Based on transactions up to January 31st, we know each user membership expiration date. Here we derive how many days elapsed past membership expiration date to the end of February. Some instances have an expiration date past end of February so it will be negative.

In [29]:
# keep last expiration date for each user
df_churn_zone = df_transac.groupby('msno', sort=False).nth(-1)

In [30]:
# time difference with end of February
s_churn_zone = pd.Timestamp('2017-02-28') - df_churn_zone.membership_expire_date 

# convert time stamp to integer (number of days)
s_churn_zone = s_churn_zone.dt.days

In [31]:
# Again we need to include new users
s_churn_zone.shape

(990832,)

In [32]:
# Assign best case scenario to new users which is 31 days until they get in the churning zone
s_churn_zone = add_missing_users(s_churn_zone, s_churn_zone.min())
assert len(s_churn_zone) == len(s_users)

In [129]:
# give serie a name
s_churn_zone.name = 'churn_zone_days'

# 3rd feature
- Ratio of active cancellation to number of transactions

The idea is that a long time user may just signed up for another plan after an active cancellation. Whereas a recent member may just not enjoy this music streaming service and will churn.

In [33]:
# number of transactions per user
s_num_trans = df_transac.groupby('msno', sort=False).is_cancel.count()

In [34]:
# number of active cancellation per user
s_num_cancel = df_transac[df_transac.is_cancel == True].groupby('msno', sort=False).is_cancel.count()

In [35]:
# ratio of active cancellation to total number of transactions
s_cancel_ratio = s_num_cancel.divide(s_num_trans, fill_value=0)

In [36]:
# add unseen users
s_cancel_ratio = add_missing_users(s_cancel_ratio, 0)
assert len(s_cancel_ratio) == len(s_users)

In [128]:
# give serie a name
s_cancel_ratio.name = 'cancel_ratio'

# 4th feature
- Ratio of auto renew to number of transactions

In [37]:
# number of active cancellation per user
s_num_autorenew = df_transac[df_transac.is_auto_renew == True].groupby('msno', sort=False).is_auto_renew.count()

In [38]:
# ratio of active cancellation to total number of transactions
s_autorenew_ratio = s_num_autorenew.divide(s_num_trans, fill_value=0)

In [39]:
# add unseen users
s_autorenew_ratio = add_missing_users(s_autorenew_ratio, 0)
assert len(s_autorenew_ratio) == len(s_users)

In [127]:
# give serie a name
s_autorenew_ratio.name = 'auto_renew_ratio'

# 5th feature
- Number of uninterrupted days of membership

Interruption could be an active cancellation (i.e. even if user signs up again) and transaction date must be anterior to previous transaction date.

In [40]:
df_uninter = df_transac[['msno', 'transaction_date', 'membership_expire_date']].copy()

In [41]:
# forward transaction by one index for each user
df_uninter['prev_exp_date'] = df_uninter.groupby('msno', sort=False).membership_expire_date.shift(periods=1)

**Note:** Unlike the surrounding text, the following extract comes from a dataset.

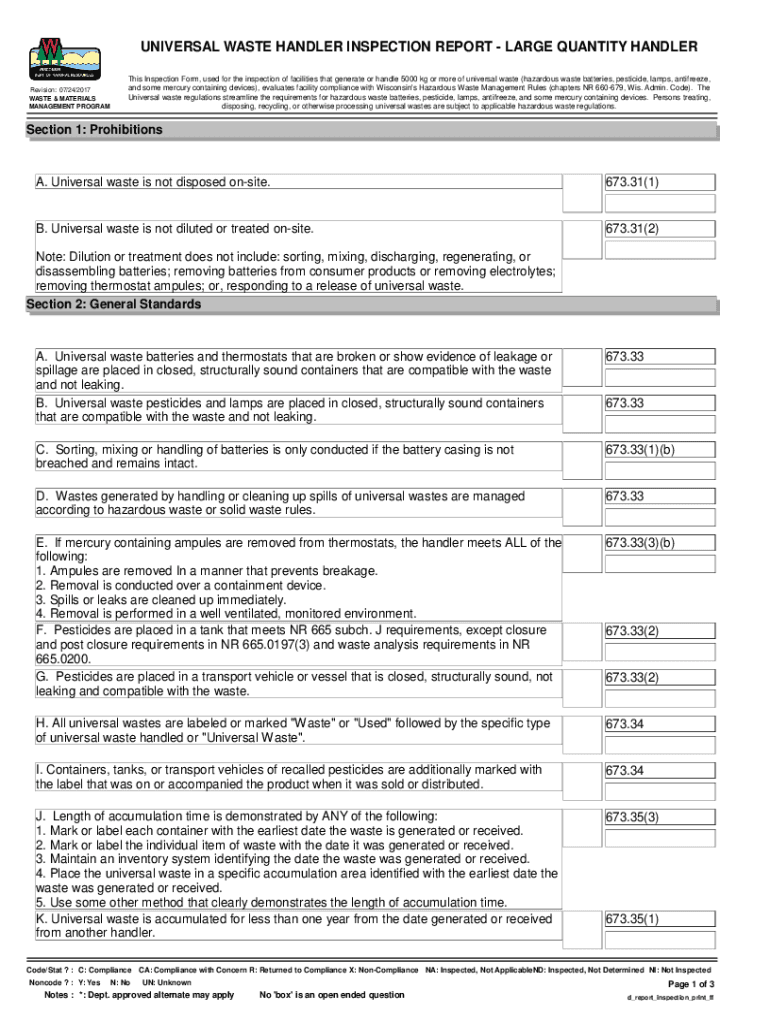 UNIVERSAL WASTE HANDLER INSPECTION REPORT LARGE QUANTITY HANDLER Revision: 07/24/2017 WASTE & MATERIALS MANAGEMENT Programs Inspection Form, used for the inspection of facilities that generate or
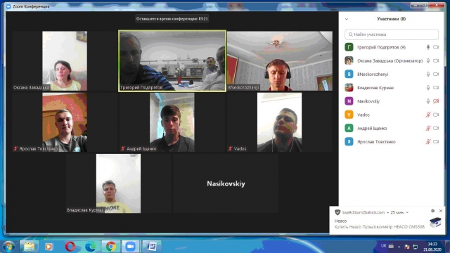 21.08.20 на кафедрі технології зберігання, переробки та стандартизації продукції рослинництва ім. проф. Б.В. Лесика із застосуванням програми дистанційної комунікації Zoom успішно пройшов захист звітів із виробничої практики магістрів 2 року навчання. Студенти за результатами проведеної роботи представили керівнику практики проф. Подпрятову Г.І. свої звіти. Викладачі кафедри, разом із завідувачем проф. Подпрятовим Г.І. високо оцінили результати, які були представлено. У процесі жвавої дискусії та обговорення магістрам надали зауваження щодо виконаних робіт та поради щодо їх покращення. Завідувач кафедри проф. Подпрятов Г.І. загострив увагу студентів стосовно наявності плагіату у їх магістерських роботах та нагадав, що їм необхідно пройти попередній захист на кафедрі до 10 жовтня 2020 р., а до 20 жовтня 2020 р. уже направити свої роботи для перевірки на академічну доброчесність.

# NOTE: it is faster to use shift and make the difference rather than doing it at once like this:
# df_transac['delta_exp_date'] = df_transac.groupby('msno', sort=False).membership_expire_date.diff(periods=1)

In [42]:
# remove user's first transaction (no prior data for first transactions!)
df_uninter = df_uninter[df_uninter.prev_exp_date.notnull()]

In [43]:
# compute number of days between successive expiration dates
df_uninter['delta_exp_date'] = (df_uninter.membership_expire_date - \
                                df_uninter.prev_exp_date).astype('timedelta64[D]').astype('int64')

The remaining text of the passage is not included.